- [PROBLEM TO SOLVE] With the pictures removed, write out the data below exactly.

- [DATA BLOCK]
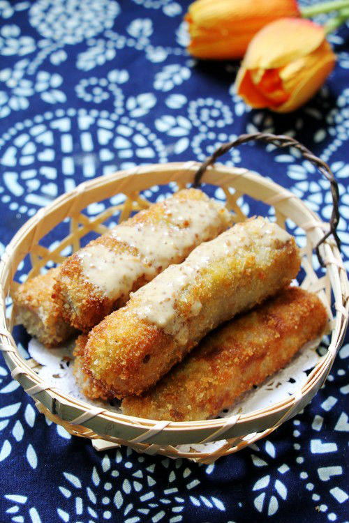 5:把芋条蘸入蛋液
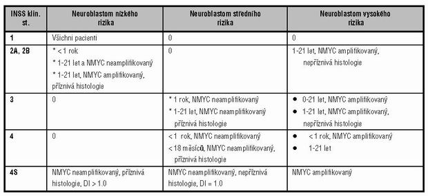 Terapeutické skupiny onemocnění podle klinických a biologických vlastností neuroblastomu dle INSS
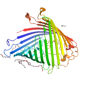 | e3sy9B2 | B:7-70,B:80-422 | Outer membrane meander beta-barrels | Porins | Porin |
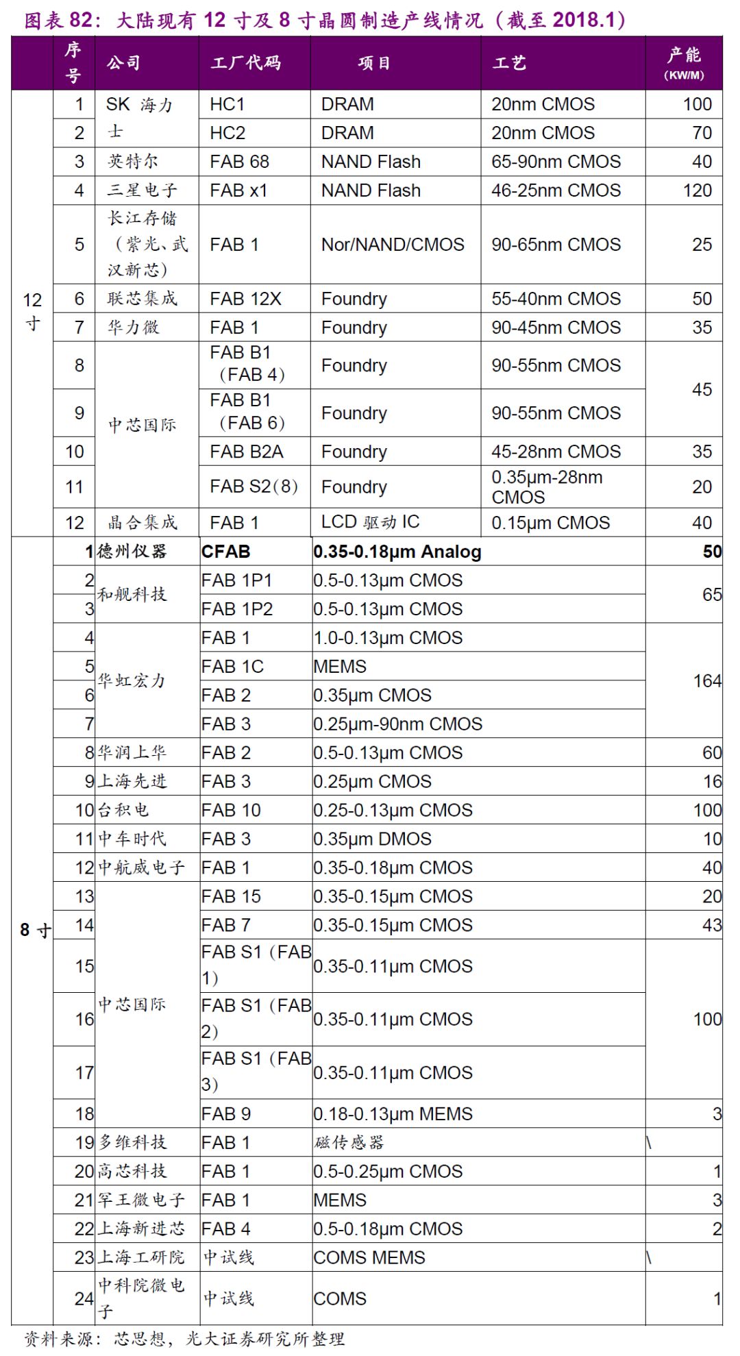 除了制程,建设晶圆制造产线还需要事先确定一个参数,即所需用的硅片尺寸。硅片根据其直径分为6寸(150mm)、8寸(200mm)、12寸(300mm)等类型,目前高端市场12寸为主流,中低端市场则一般采用8寸。晶圆制造产线的制程和硅片尺寸这两个参数一旦确定下来一般无法更改,因为如果要改建,则投资规模相当于新建一条产线。

- [ANSWER]
 5:把芋条蘸入蛋液
 Terapeutické skupiny onemocnění podle klinických a biologických vlastností neuroblastomu dle INSS
 | e3sy9B2 | B:7-70,B:80-422 | Outer membrane meander beta-barrels | Porins | Porin |
 除了制程,建设晶圆制造产线还需要事先确定一个参数,即所需用的硅片尺寸。硅片根据其直径分为6寸(150mm)、8寸(200mm)、12寸(300mm)等类型,目前高端市场12寸为主流,中低端市场则一般采用8寸。晶圆制造产线的制程和硅片尺寸这两个参数一旦确定下来一般无法更改,因为如果要改建,则投资规模相当于新建一条产线。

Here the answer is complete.